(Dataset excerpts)

┌──

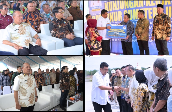 MajalahCeo.id I Tapteng (Sumut) – Simalungun – Wakil Bupati Tapanuli Tengah Mahmud Efendi menghadiri Penyerahan Kartu BPJS Ketenagakerjaan bagi Pekerja Rentan se-Sumatera Utara yang diserahkan oleh Gubernur Sumatera Utara Bobby Nasution kepada seluruh Bupati dan Wali Kota se-Sumatera Utara, yang dilaksanakan di Kawasan Ekonomi Khusus (KEK) Sei Mangkei Kabupaten Simalungun, (09/10/2025).
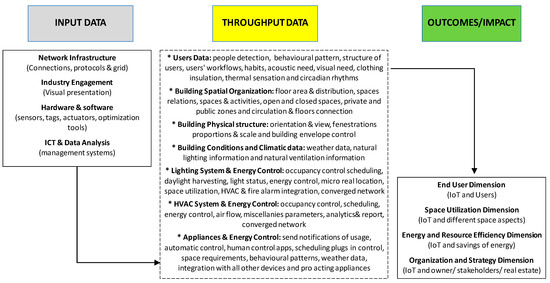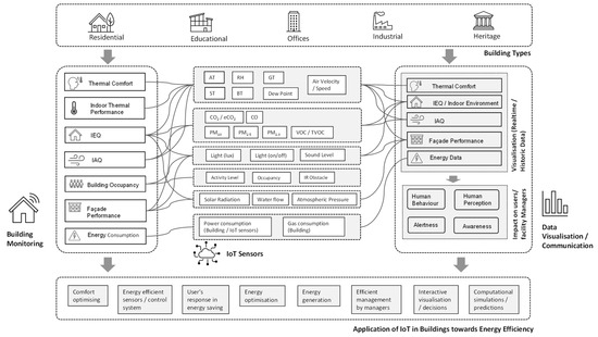 Massive challenges caused by rapid digitalization have greatly increased the demand for energy [1]. Energy consumption around the world is estimated to increase by 56% in 2040 [2]. Internationally, there are efforts to reduce energy consumption in buildings and cities such as the EU’s 2050 roadmap which aims to lessen energy and gas emissions by approximately 40% [3]. The new era of digitalization opens new possibilities to improve human health and productivity and enhance energy efficiency in the built environment. The Internet of Things (IoT) represents one of these opportunities to decrease energy demands and meet sustainable development goals. In general, the concept of IoT was introduced as interconnected objects using radio-frequency identification (RFID) for the first time in 1999 by British technology pioneer Kevin Ashton. The two words “internet” and “things” as combined, convey an innovation with regard to information and communication technology (ICT). The notion of interconnected objects enables everyday physical objects to integrate electronics seamlessly into any global physical infrastructure [4]. Even though the term is established within these two words, the definition of IoT still depends on the research perspective [5,6].
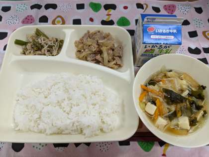 7月17日(木)の給食は「豚肉のしょうが焼き、五目汁、ツナと野菜のいためもの、ごはん、牛乳」です。
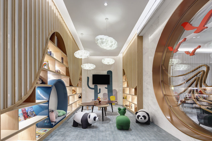 在人气旺盛的餐饮区,考虑到独自出游和二人同行的乘客越来越多,川航在天府两舱休息室增加了卡座和单人椅比例,还首次推出了儿童区的设置,小朋友可以使用软垫、小桌椅、图书等儿童玩具,还有专属的云朵灯饰。紧邻儿童区的是母婴室,婴儿整理台、洗手池、婴儿床和沙发等设施齐全,动线设计凸显巧思,是带娃出行人群解放双手的贴心角落。
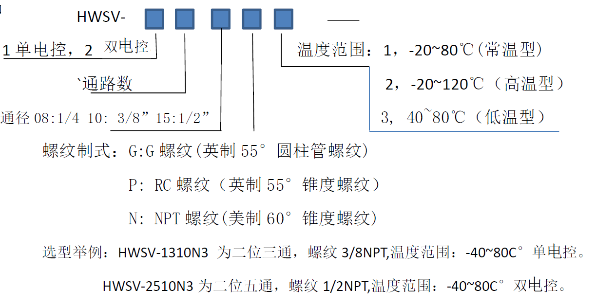 選型舉例:HWVP-1508N1-AC220V 不銹鋼二位五通電磁閥,單電控,連接內(nèi)螺紋,NPT1/4" ,常溫,電壓AC220V.

└──

Your copy should hold only the lines running from the one that contains "在人气旺盛的餐饮区,考虑到独" through the final line of the data; transcribe them exactly, both ends included, and leave pictures out.

## Solution to the exercise
 在人气旺盛的餐饮区,考虑到独自出游和二人同行的乘客越来越多,川航在天府两舱休息室增加了卡座和单人椅比例,还首次推出了儿童区的设置,小朋友可以使用软垫、小桌椅、图书等儿童玩具,还有专属的云朵灯饰。紧邻儿童区的是母婴室,婴儿整理台、洗手池、婴儿床和沙发等设施齐全,动线设计凸显巧思,是带娃出行人群解放双手的贴心角落。
 選型舉例:HWVP-1508N1-AC220V 不銹鋼二位五通電磁閥,單電控,連接內(nèi)螺紋,NPT1/4" ,常溫,電壓AC220V.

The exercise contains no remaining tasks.